Краснов-Левитин Анатолий - Лихие годы (1925–1941): Воспоминания стр 4.

Шрифт
Фон

«Единственный раз в жизни я ходила, опустив голову, и боялась людям смотреть в глаза, — когда твой отец крестился», — рассказывала впоследствии бабушка.

Дед отнесся к этому событию неожиданно спокойно. «Будь ты хоть чертом, только будь человеком», — сказал суровый старик, потрепав сына по плечу, и ушел к себе в кабинет.

Через месяц отец приехал в свои родные Лубны в великолепно сшитом студенческом мундире на белой подкладке, с лихо подкрученными усами и с присущей ему надменной осанкой.

Прошлым летом, покидая Россию, я решил посетить Киев — здесь я хотел прежде всего посмотреть все те места, где бывал отец. Вместе с Верочкой Лашковой мы пришли к университету, но в университет нас не пустили — он был закрыт по случаю каникул. Верочка предложила зайти в библиотеку. Я ответил: «Нет, в библиотеку не надо: туда отец не ходил. Пройдемся лучше по Крещатику, где он бегал за девчонками».

Отец был известен в университете как беззаботный весельчак и завзятый Дон-Жуан. Но, когда надо, работать умел: за месяц до экзаменов запирался в своей комнате — и сдавал все экзамены на «5». Он уже тогда поставил себе четкую и ясную цель и часто ставил мне себя в пример. «Я решил стать судьей — и стал», говорил он мне. «Но почему же такая незначительная цель в жизни?» — спрашивал я. — «Ну, Наполеон уже в это время был, — отвечал отец, — хватит его одного, второго не надо».

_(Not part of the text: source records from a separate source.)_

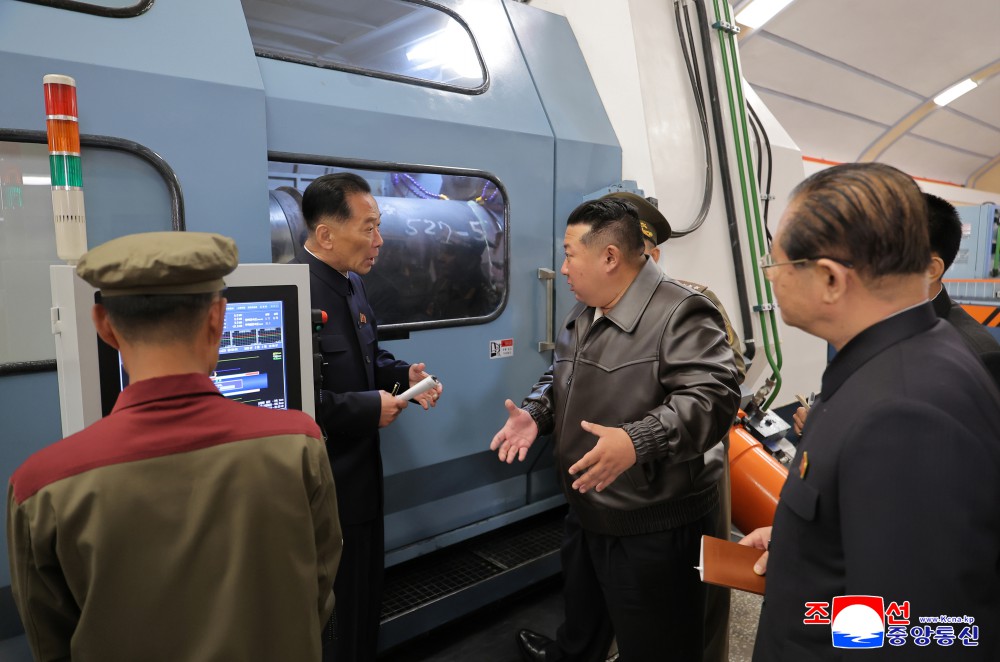 Товарищ Ким Чен Ын осмотрел разные места комбината по производству снарядов, где конкретно ознакомился с положением производства и работ по наращиванию производственных мощностей и модернизации.
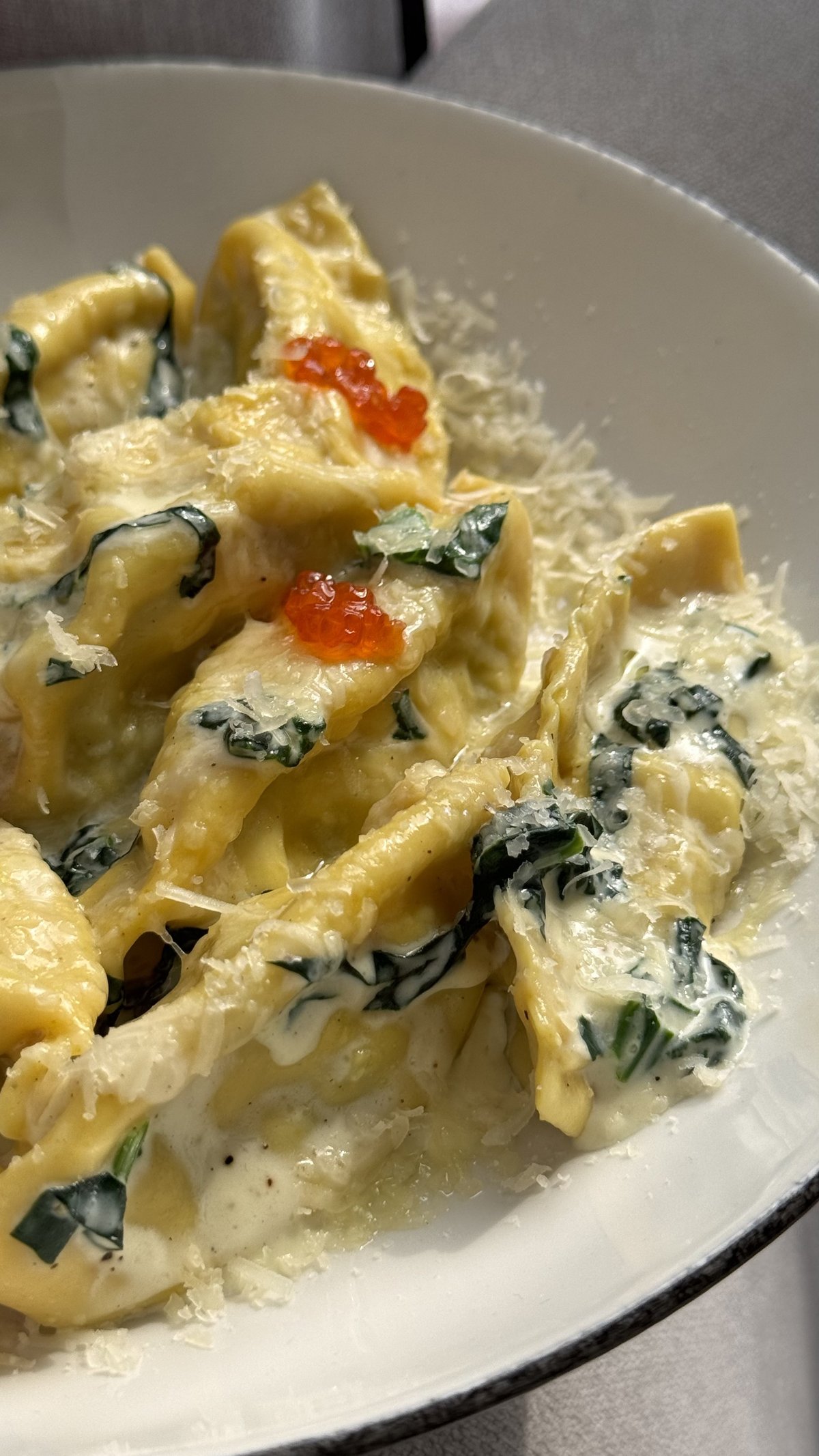 Паста fresca, креветки, кабачок, сливочный соус, пармезан
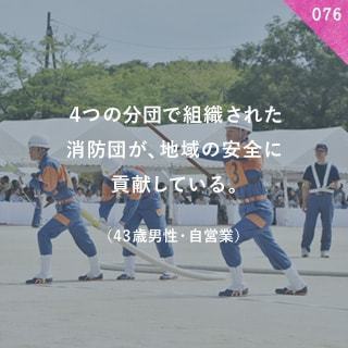 - 4つの分団で組織された消防団が、地域の安全に貢献している。[2018年3月29日]
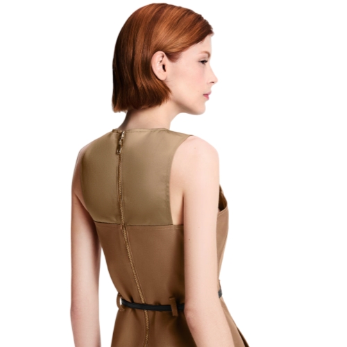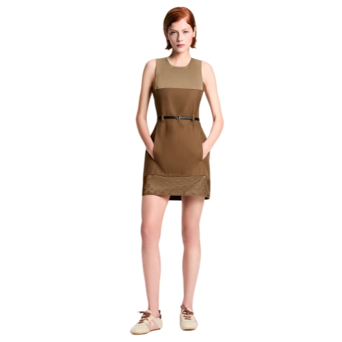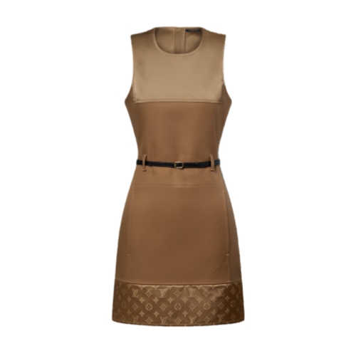 This dress is crafted from a combination of structured cotton gabardine and lustrous nylon accents for a chic play of structure. It is crafted in a tapered fit with a slim lambskin leather belt highlighting the waistline, while a subtle tone-on-tone Monogram motif signs the hem. Complete with an exposed zipper fastening at the back.
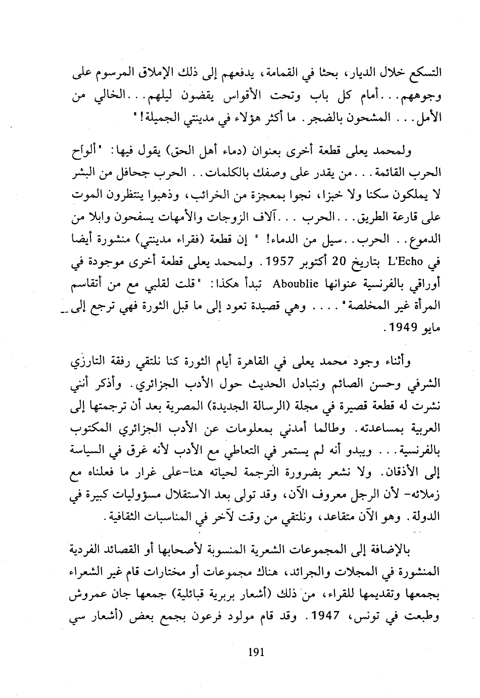 ولمحمد يعلى قطعة أخرى بعنوان (دماء أهل الحق) يقول فيها: (ألواح الحرب القائمة ... من يقدر على وصفك بالكلمات .. الحرب جحافل من البشر لا يملكون سكنا ولا خبزا، نجوا بمعجزة من الخراب، وذهبوا ينتظرون الموت على قارعة الطريق ... الحرب ... آلاف الزوجات والأمهات يسفحون وابلا من الدمع .. الحرب .. سيل من الدماء!) إن قطعة (فقراء مدينتي) منشورة أيضا في L'Echo بتاريخ 20 أكتوبر 1957، ولمحمد يعلى قطعة أخرى موجودة في أوراقي بالفرنسية عنوانها Aboublie تبدأ هكذا: (قلت لقلبي مع من أتقاسم المرأة غير المخلصة) .... وهي قصيدة تعود إلى ما قبل الثورة فهي ترجع إلى مايو 1949.
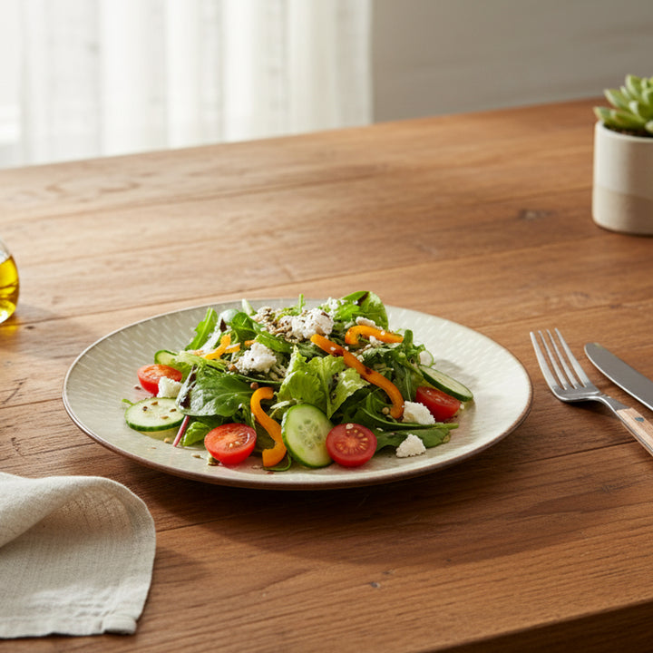 HL707-2 Porcelain Salad Plate – 8.5" Round Plate in Textured Glossy Beige Finish
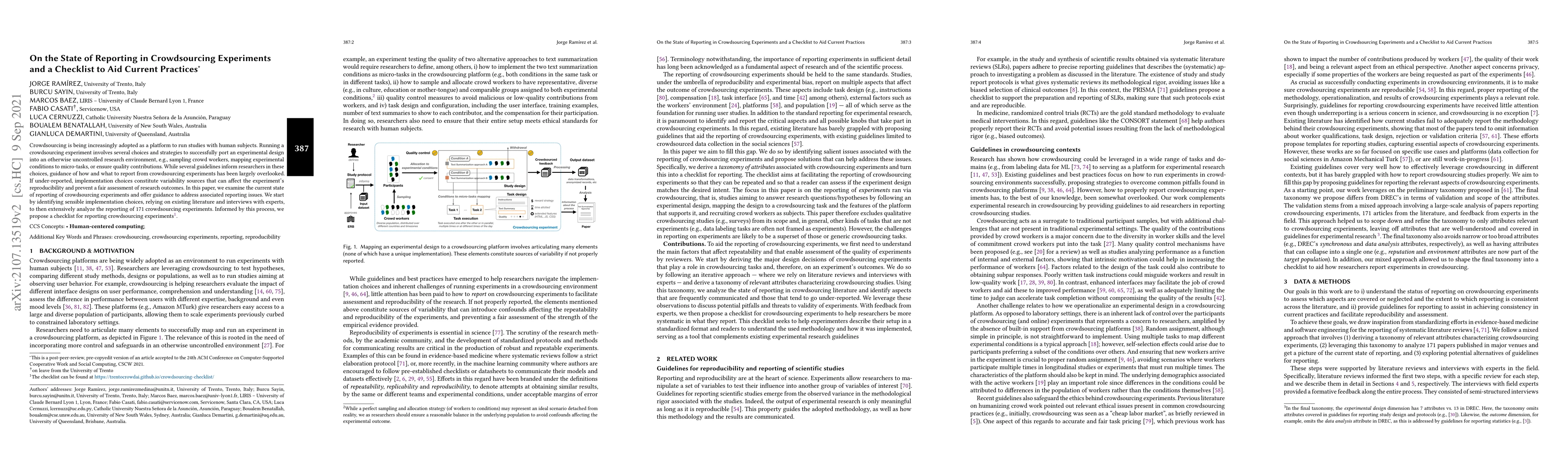 This paper investigates the current state of reporting in crowdsourcing experiments and proposes a checklist to improve transparency and reproducibility. It identifies key implementation choices and analyzes the reporting of 171 experiments to develop guidelines for better reporting practices.
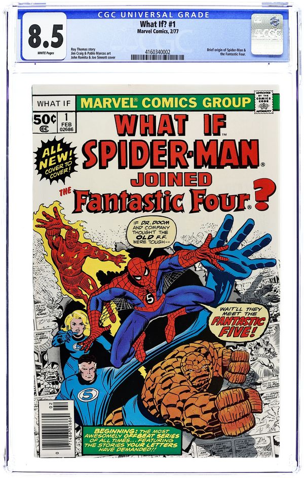 Cover by Ron Wilson and Joe Sinnott. What if Spider-Man Joined the Fantastic Four? Script by Roy Thomas, pencils by Jim Craig, inks by Pablo Marcos; Spider-Man becomes a member of the FF; Cameos by Killraven, the Squadron Supreme, and Deathlok. Hostess Fruit Pie ad with the Hulk, pencils by Dave Cockrum. Ad for Richochet Racers with Spider-Man and Captain America. Roy Thomas discusses how the title came about. 52 pgs. Cover price $0.50.

Мой отец является примером того, как плохо, когда люди с юности ставят себе ограниченные цели. Человек блестящих способностей и острого ума, он всегда довольствовался малым. «Я знаменитость в общежактовском масштабе, — шутил он, — вот и ты такой будешь». Зато всегда был независим, ни перед кем никогда не унижался и держал себя так, что всем нравился, и все держались с ним почтительно и даже робко. А я с детства привык считать его великим человеком и очень удивился, когда, став взрослым, убедился в том, что никаким великим человеком он никогда не был.

По своим взглядам отец был поклонником крепкого русского государства и твердой власти — монархистом и ярым противником какого бы то ни было либерализма. Это очень шло к его властной эгоцентричной натуре. Ни в каких студенческих беспорядках мой отец никогда не участвовал и был близок к Голубеву, руководителю монархической студенческой организации «Союз Двуглавого Орла». (Лет через 50 сыновья двух приятелей встретились: я был в то время церковным писателем, а сын Голубева — много старше, чем я, по возрасту — носил весьма известное имя — преосвященный Ермоген, архиепископ Калужский). Впрочем, дружба была чисто личной: ни в какие организации отец никогда не входил и никаких комплотов ни с кем не признавал. Вся его привязанность, все лирическое, что было в его натуре, — все сосредотачивалось на одной личности: на личности Николая II. Его любил он нежной любовью, мало понятной современному человеку. Свой кумир он увидел, когда ему было 30 лет, в 1911 году.

В это время отец уже давно окончил университет и был старшим кандидатом на судебные должности, конкретно же — секретарем при Председателе Киевской Судебной Палаты Василии Ивановиче Болдыреве. Это было жарким летом. В Киев приехал императорский двор. Отец сказал своему шефу: «Василий Иванович! Я бы так хотел видеть государя». «Так это же очень просто: на завтра я имею 2 билета на концерт, в „Шато де флер“ (увеселительный сад). Жена не пойдет — пойдемте вместе. Только достаньте себе парадный мундир».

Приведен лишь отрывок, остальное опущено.